A NASA spokesperson said Nov. 4, in response to an Oct. 30 inquiry, that the decision not to fly VIPER on Griffin was made during an end-of-mission review of the rover in late June . NASA retained the CLPS task order with Astrobotic for the Griffin mission and will fly a mass simulator or other payloads identified by Astrobotic.

In addition to NASA’s ongoing review of responses to the RFI, a reprieve for VIPER could come from Congress, which could direct and fund NASA to carry out the mission as originally planned in a spending bill of the last financial year 2025. Early September bipartisan leadership of the House Science Committee sent a letter to NASA with questions about VIPER and NASA’s decision to cancel it.
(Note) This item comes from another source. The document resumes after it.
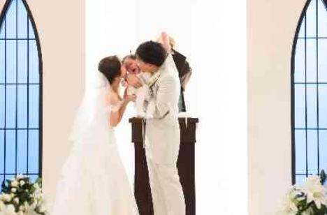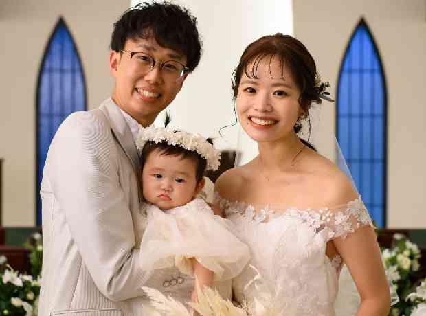 挙式でのウェディングキスはお二人で行われたのち、お子様のほっぺたにもされました♡ 3人で一緒に永遠の誓いを立てる、これからの温かな家庭を、幸せな未来を誰もが思い描ける、 そんな心温まる素敵なワンシーンとなりました。 お子様は、祭壇に登場したり、お母様と一緒にお席からお二人を見守られたりと、親御様にもご協力いただきながら3人での挙式を叶えられました。

“NASA’s decision to terminate a nearly completed lunar rover and use the full value of the fixed-price contract with vendor CLPS to launch a deadweight in place of VIPER raises serious questions,” the researchers wrote. members in their letter. Questions posed to NASA in the letter range from the costs associated with VIPER to other methods NASA plans to use to collect the data the mission would have collected on water ice deposits at the lunar south pole.

Kearns said at the LEAG meeting that NASA responded to these questions in September and had not received any follow-up requests from the committee. He did not disclose details of the responses provided by NASA.